Lung conditions. Emphysema (a lung disease that causes difficulty breathing), chronic obstructive pulmonary disease (loss of lung function), and decreased lung function affect how well your body handles certain medications.

Kidney failure or decreased kidney function. As a person ages, some types of chemotherapy are more difficult for the kidneys to process. This can increase the risk of kidney problems and may prevent some older adults from receiving intense treatment.

Stomach problems. Difficulty absorbing nutrients from food can be made worse by chemotherapy, especially if the drugs cause nausea, vomiting, or diarrhea.

Poor nutrition. Some older adults may not be able to eat easily because of tooth loss, new dentures, or certain medications. These factors may also cause a decreased appetite or weight loss. Talk with your doctor or a registered dietitian (RD) for information on how to make sure you’re eating enough during cancer treatment.

Smoking. Smoking increases the risk of developing lung problems after surgery and may increase recovery time. Learn more about quitting smoking.

Alcoholism. A dependency on alcohol or other drugs can interfere with the ability to make treatment decisions and follow through with day-to-day responsibilities, including taking medication and having important screenings or tests. In addition, alcohol or drug use can increase recovery time.

Anemia. Anemia (a decrease in red blood cells) can get worse during chemotherapy. Although anemia may not change the cancer treatment you receive, it can delay treatment if you need a longer time to recover between treatments. Patients with anemia may need medications or blood transfusions.

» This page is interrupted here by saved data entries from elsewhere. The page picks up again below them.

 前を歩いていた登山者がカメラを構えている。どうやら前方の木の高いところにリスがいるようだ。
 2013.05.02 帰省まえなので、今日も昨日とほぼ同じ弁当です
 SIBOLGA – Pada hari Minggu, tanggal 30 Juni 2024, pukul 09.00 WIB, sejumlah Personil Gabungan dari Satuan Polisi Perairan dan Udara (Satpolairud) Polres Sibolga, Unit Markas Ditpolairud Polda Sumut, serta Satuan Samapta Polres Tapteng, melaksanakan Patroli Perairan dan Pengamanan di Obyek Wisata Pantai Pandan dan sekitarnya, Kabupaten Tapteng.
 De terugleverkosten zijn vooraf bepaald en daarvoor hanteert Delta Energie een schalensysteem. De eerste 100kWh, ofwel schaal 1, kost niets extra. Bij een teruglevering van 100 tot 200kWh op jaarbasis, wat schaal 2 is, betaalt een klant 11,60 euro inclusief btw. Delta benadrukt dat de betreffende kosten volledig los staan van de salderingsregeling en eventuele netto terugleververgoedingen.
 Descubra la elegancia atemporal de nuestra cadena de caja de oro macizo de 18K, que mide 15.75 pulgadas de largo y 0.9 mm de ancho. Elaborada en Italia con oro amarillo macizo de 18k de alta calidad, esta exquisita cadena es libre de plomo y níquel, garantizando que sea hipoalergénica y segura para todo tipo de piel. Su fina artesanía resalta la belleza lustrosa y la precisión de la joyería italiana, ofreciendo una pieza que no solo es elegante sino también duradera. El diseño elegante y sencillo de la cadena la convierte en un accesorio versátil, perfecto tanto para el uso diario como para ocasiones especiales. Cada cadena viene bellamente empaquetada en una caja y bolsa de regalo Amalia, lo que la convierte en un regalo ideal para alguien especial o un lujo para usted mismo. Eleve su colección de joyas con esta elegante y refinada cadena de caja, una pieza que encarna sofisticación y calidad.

Depression and anxiety. Depression and anxiety can be common for older adults, but they are not a normal part of aging. Depression lowers a patient’s quality of life. The loss of a spouse or family or friends moving away can make some older adults feel alone, adding to feelings of depression. Depression, anxiety, and other mental health issues may also interfere with the ability to participate in treatment decision-making. Depression and anxiety are treatable, and it’s important to talk with your doctor because antidepressants or anti-anxiety medications could interact with chemotherapy.

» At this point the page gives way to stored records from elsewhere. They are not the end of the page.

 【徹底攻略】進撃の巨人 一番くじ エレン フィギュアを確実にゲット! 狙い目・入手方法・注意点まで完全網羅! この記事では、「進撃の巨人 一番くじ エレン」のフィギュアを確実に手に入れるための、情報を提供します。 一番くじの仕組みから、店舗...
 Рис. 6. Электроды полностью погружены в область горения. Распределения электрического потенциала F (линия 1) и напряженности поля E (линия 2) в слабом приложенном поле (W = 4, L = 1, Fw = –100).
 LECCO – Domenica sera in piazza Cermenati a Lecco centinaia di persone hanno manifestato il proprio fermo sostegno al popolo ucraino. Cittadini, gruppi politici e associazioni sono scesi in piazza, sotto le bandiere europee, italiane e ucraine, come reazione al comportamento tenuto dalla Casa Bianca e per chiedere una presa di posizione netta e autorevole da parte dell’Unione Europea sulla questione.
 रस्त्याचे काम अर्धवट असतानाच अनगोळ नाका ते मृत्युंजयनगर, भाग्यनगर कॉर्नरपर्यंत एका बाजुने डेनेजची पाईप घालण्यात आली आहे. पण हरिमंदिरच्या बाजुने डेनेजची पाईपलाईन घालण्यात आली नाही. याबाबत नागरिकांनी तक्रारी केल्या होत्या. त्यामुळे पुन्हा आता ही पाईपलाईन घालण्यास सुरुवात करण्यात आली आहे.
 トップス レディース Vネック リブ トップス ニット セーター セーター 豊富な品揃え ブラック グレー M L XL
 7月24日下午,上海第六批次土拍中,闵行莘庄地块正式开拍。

Pain and immobility. Older adults can often have difficulty with pain and immobility (not being able to move around) caused by conditions such as arthritis. Not being able to move around easily or at all can affect your ability to get to doctor’s appointments or receive certain treatments. In addition, pain and immobility may increase the risk of side effects.

Memory loss and mental confusion. Older adults with cancer may experience memory loss, confusion, being in a mental fog, and/or a change in their thought process. This may be due to aging, or specific cancer drugs that cause what some call “chemo brain.” If possible, it may help to have a caregiver keep track of medications and appointments and a diary of the day’s events.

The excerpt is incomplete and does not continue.